Centene slides as ACA membership attrition fears outweigh reaffirmed 2026 guidance

CNCCNC

Centene shares fell as investors continued to price in weaker near-term profitability after management highlighted ACA Marketplace membership attrition and margin pressures at a March 2026 healthcare conference. The selloff persists despite Centene reaffirming 2026 EPS guidance (adjusted EPS >$3.00) and executing a $1 billion debt redemption.

1. What’s moving the stock

Centene (CNC) is trading lower as the market continues to react to management’s latest commentary on operational headwinds—especially in the ACA Marketplace business—where investors are focused on membership declines and an unfavorable product mix shift that can compress margins. The move reflects ongoing skepticism that Marketplace actions will stabilize profitability quickly enough, even as the company has maintained its full-year 2026 earnings framework.

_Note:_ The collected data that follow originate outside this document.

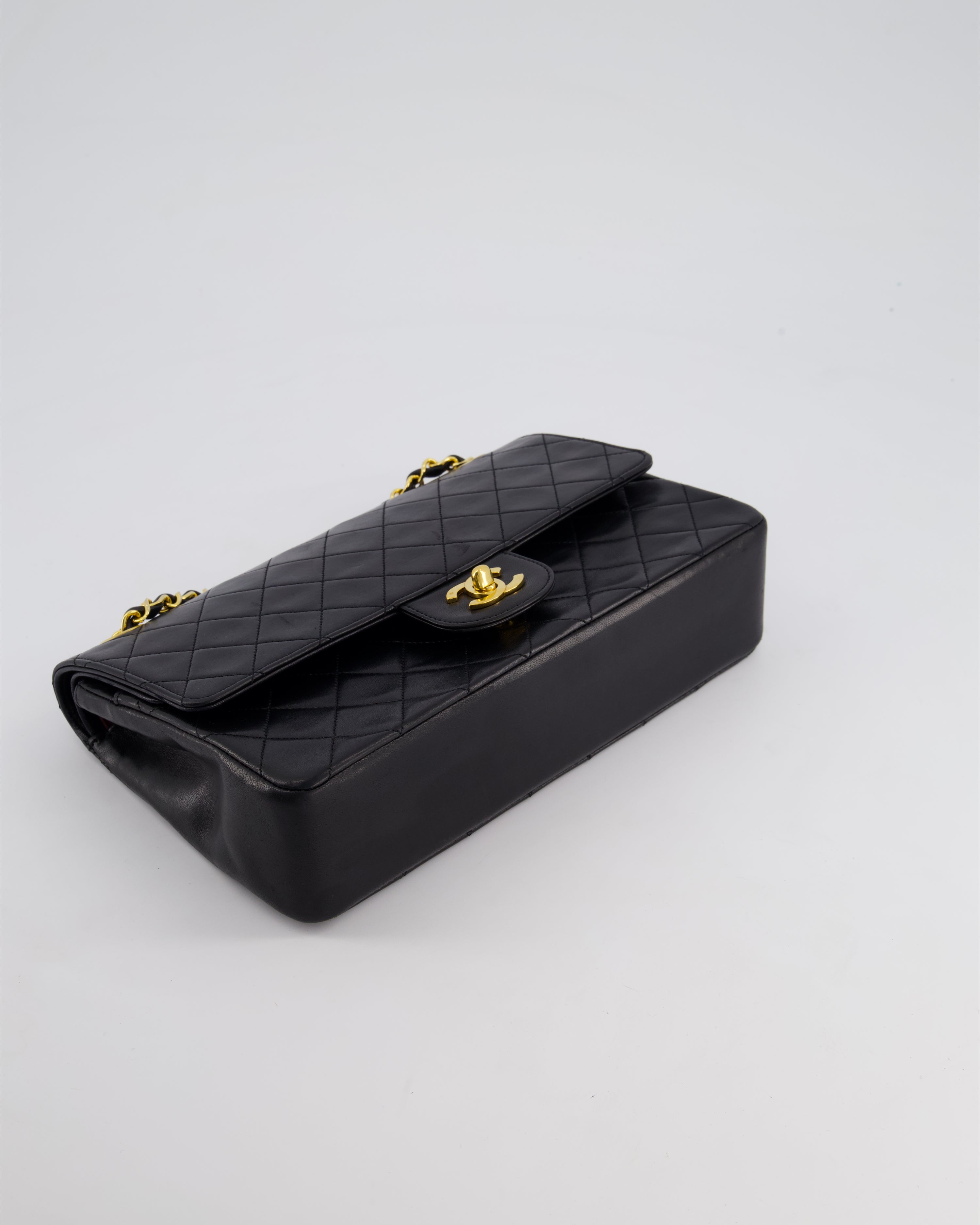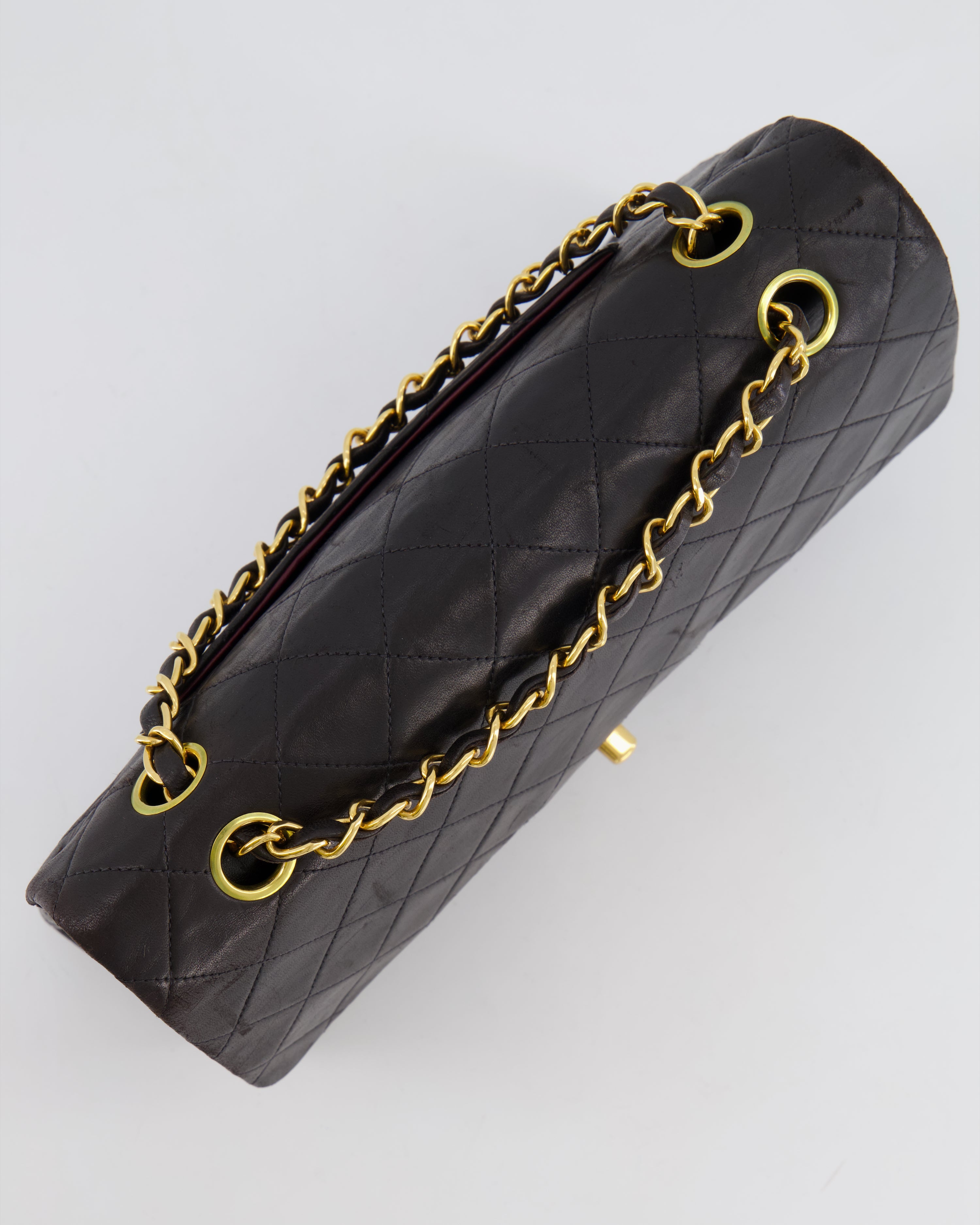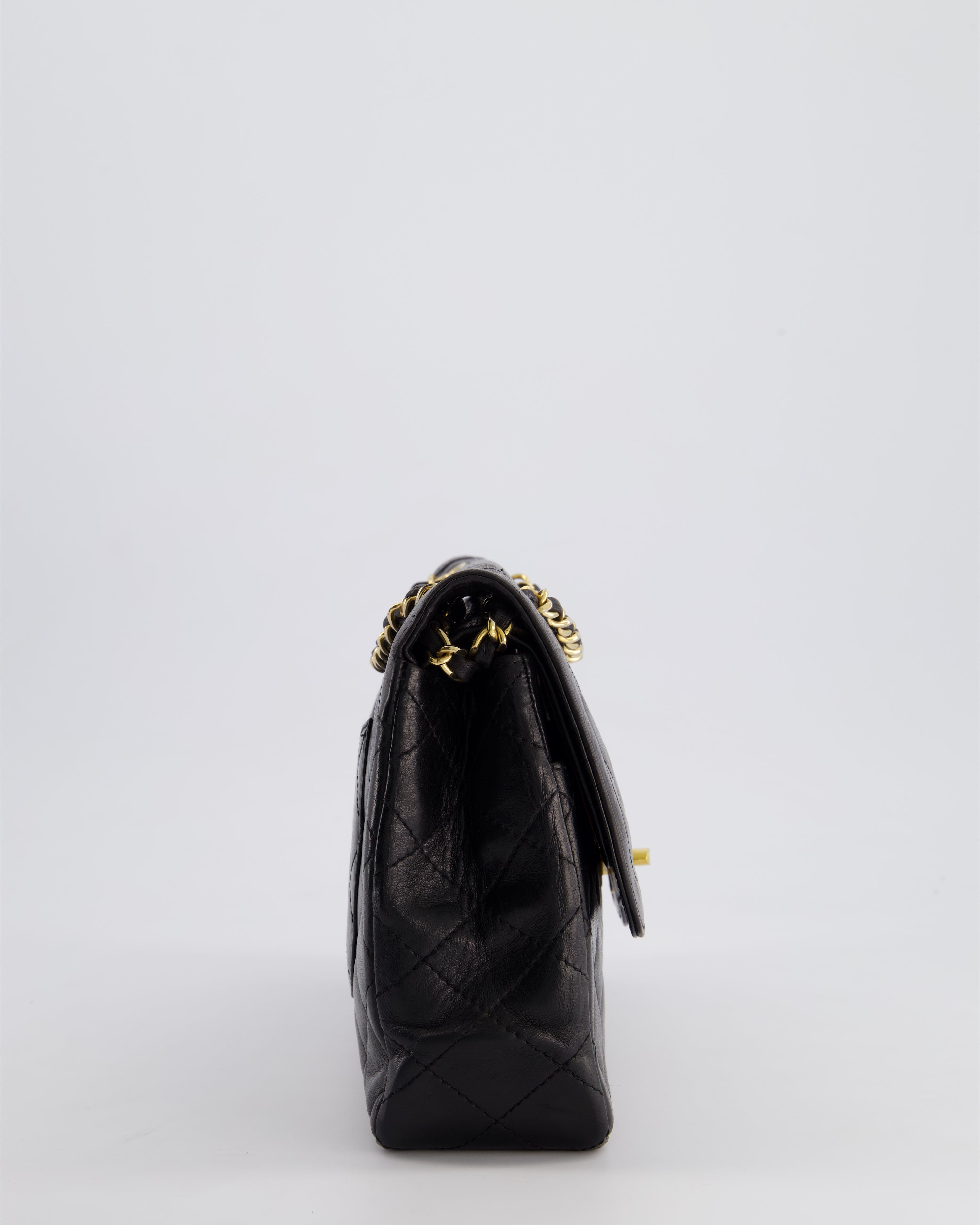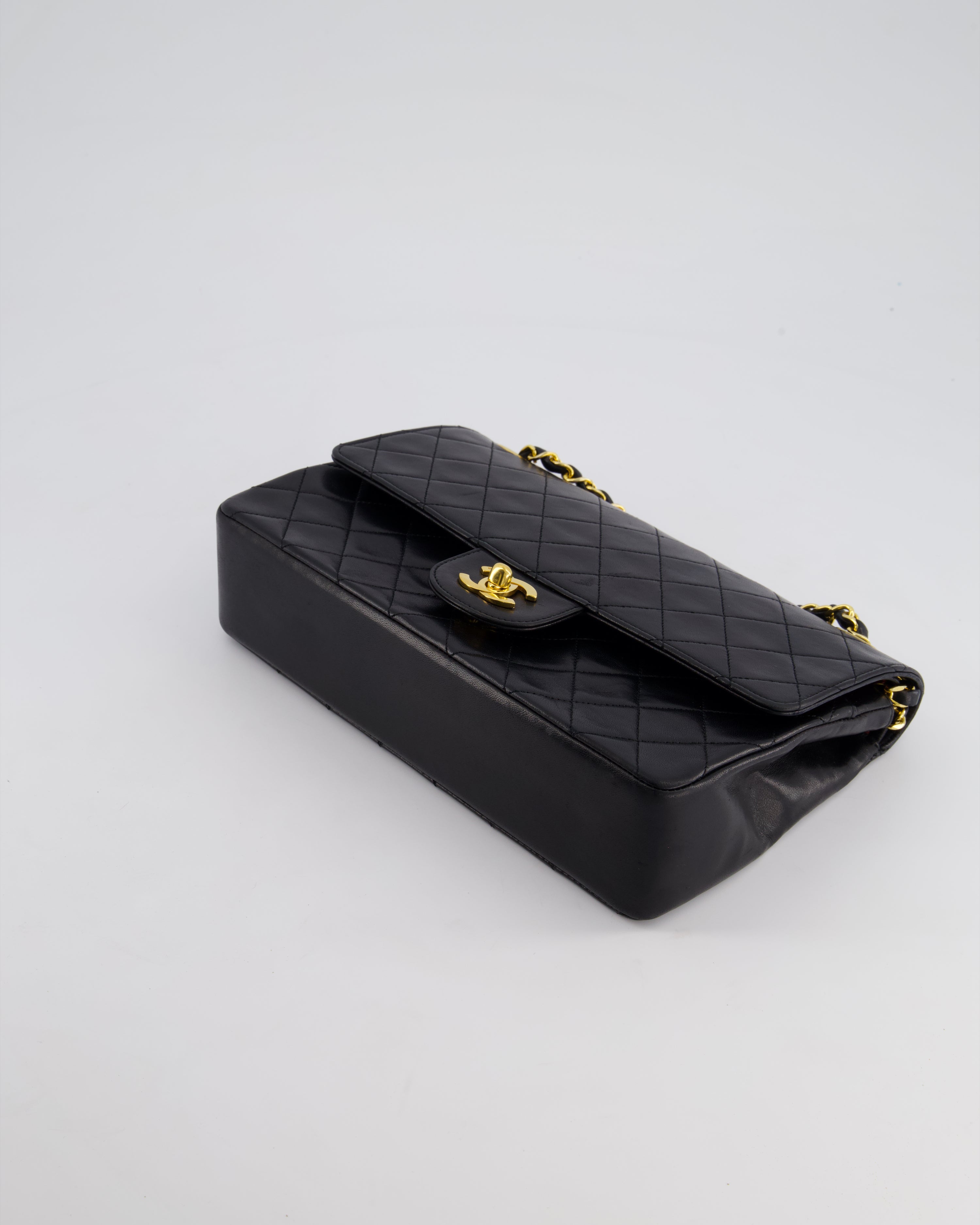 Chanel Vintage Black Medium Classic Double Flap Bag in Lambskin Leather with 24K Gold Hardware
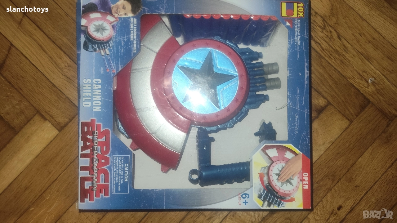 Само щит на Капитан Америка,31 с,не свети,не издава звуци.-14.90. Има го и с маска към него-17,50...Изпращам с Еконт или лично за Сф. Имам го и с автоматично изстрелване на стрели-59,90л. Последните 3 снимки.
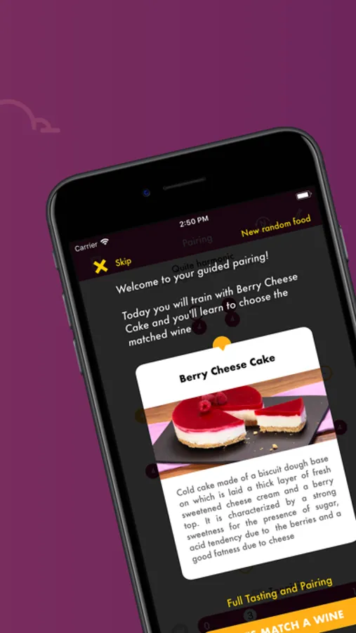 We will suggest you wines of similar body that fit good with your dish and we will guide you composing your first harmonic pairing.
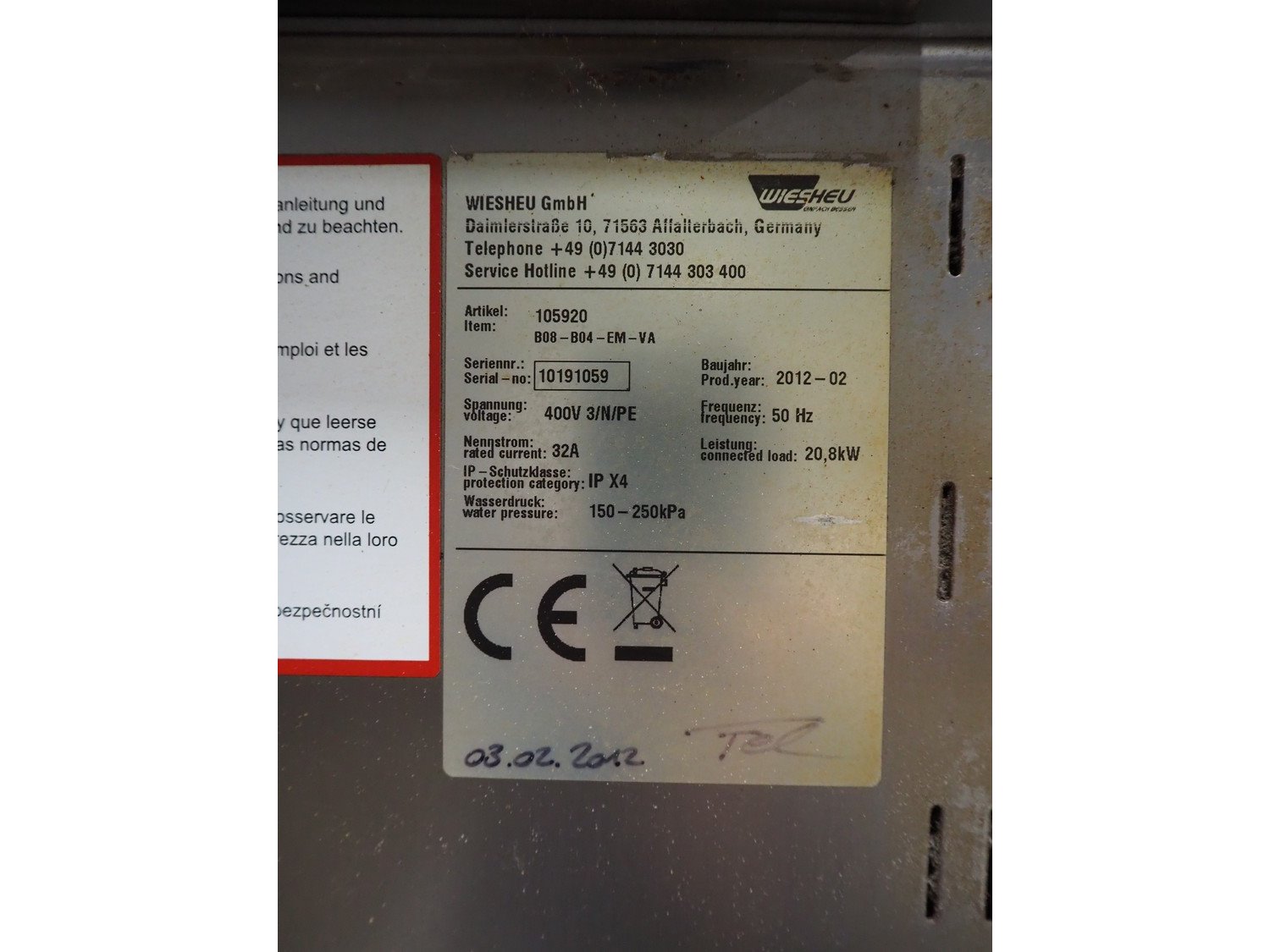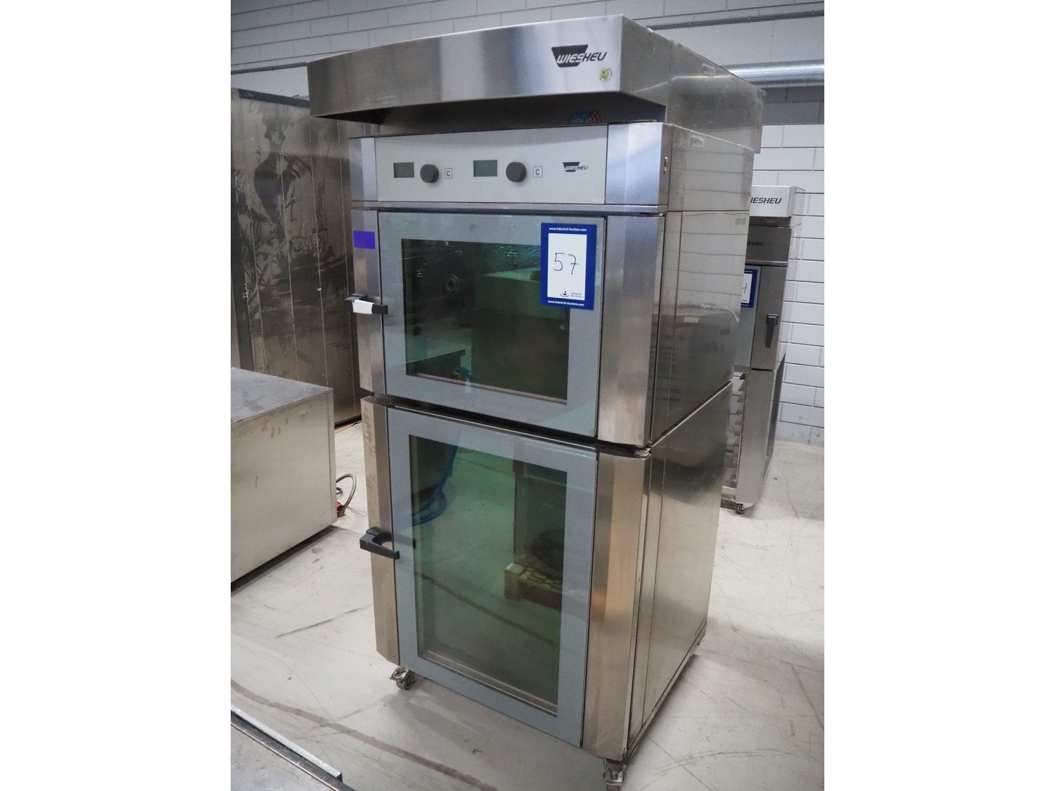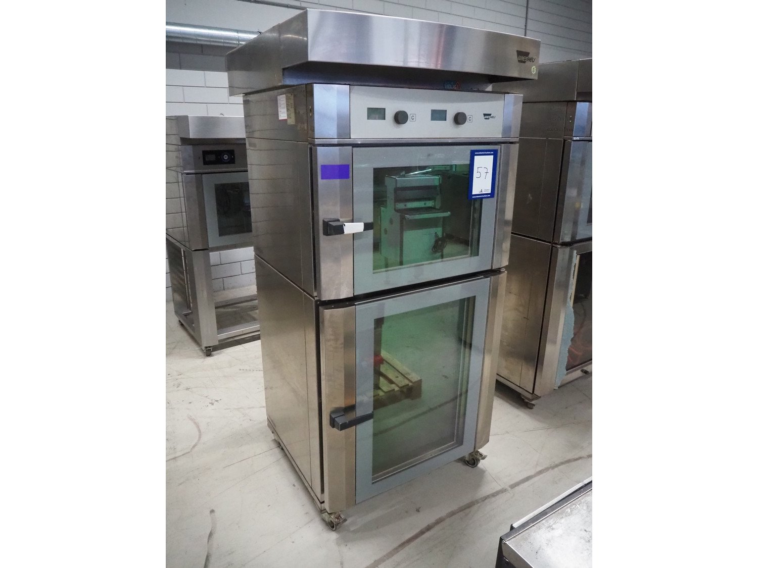 Wiesheu GmbH mobile double stacked oven, model: B08-B04-EM-Va, serial number: 10191059, year of construction: 2012-12, 400 V, 3 Ph, 50 Hz, 32 A, 20.8 kW, 5 and 10 floors, dimensions each floor: 620 mm x 400 mm, total dimensions: 930 mm x 1200 mm x 2070 mm. Kavel locatie: Looyenbeemd 11, 5652 BH Eindhoven, Nederland
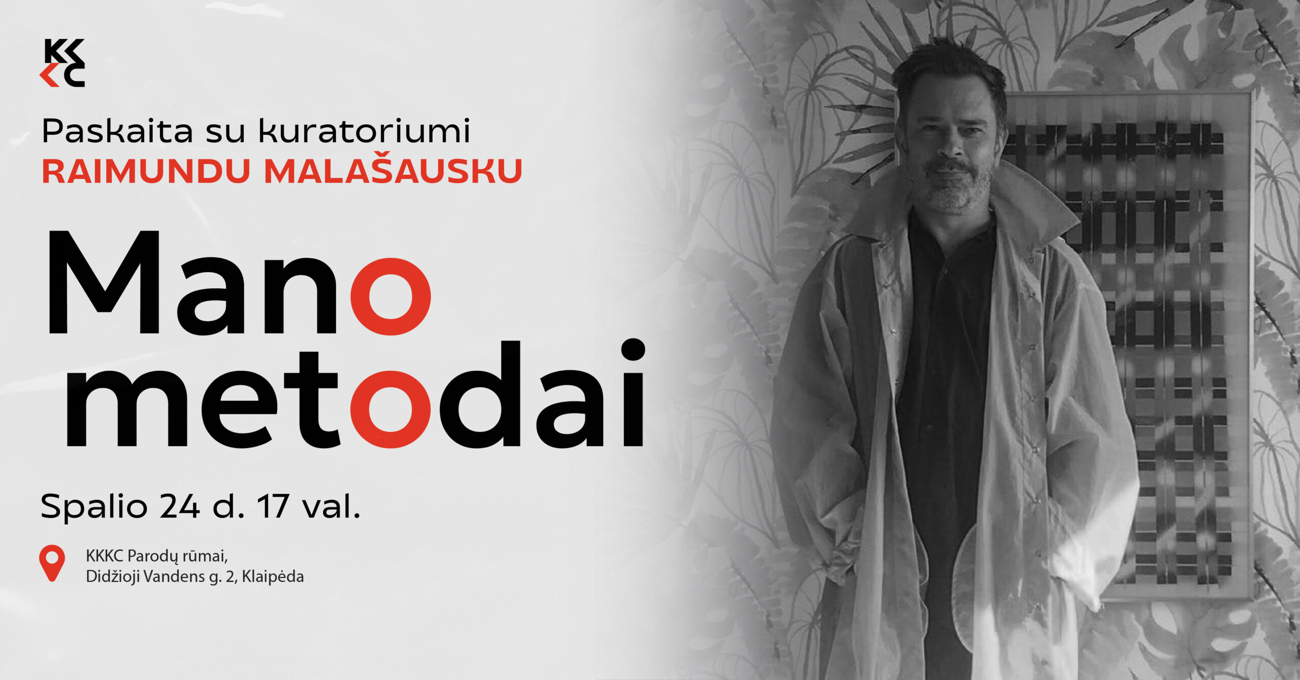 Spalio 24 d. 17.00 val. KKKC Parodų rūmuose vyks meno kuratoriaus ir KKKC rezidento Raimundo Malašausko paskaita „Mano metodai“. Jis pristatys Niujorko bienalei „Performa“ paruoštą savo lapkričio mėnesio projektą „Įleiskite klounus“ ir daugiau papasakos apie savo, kaip kuratoriaus, biografiją.

2. Key details investors are focused on

Recent investor messaging emphasized ACA Marketplace pressure points, including significant membership attrition and consumers shifting toward lower-margin plan tiers, alongside utilization and specialty-pharmacy dynamics that can raise costs. Those concerns have been strong enough to overshadow balance-sheet positives and have kept the stock under pressure following the March 2026 conference-driven rerating.

3. What Centene has said recently

Centene has reiterated its 2026 earnings outlook, including guidance for GAAP diluted EPS greater than $1.98 and adjusted diluted EPS greater than $3.00. The company also announced a partial redemption of $1.0 billion of its 4.25% notes due 2027 (redemption date March 25, 2026), signaling active capital structure management while it works through operating headwinds.

4. What to watch next

Investors are likely to watch for clearer proof that Marketplace repricing and mix management are improving medical cost trends, along with any additional updates on Medicaid margin trajectory. With policy and rate-setting dynamics still in focus across managed care, the next major catalyst will be the company’s next results update and any incremental guidance refinement around Marketplace profitability and membership trends.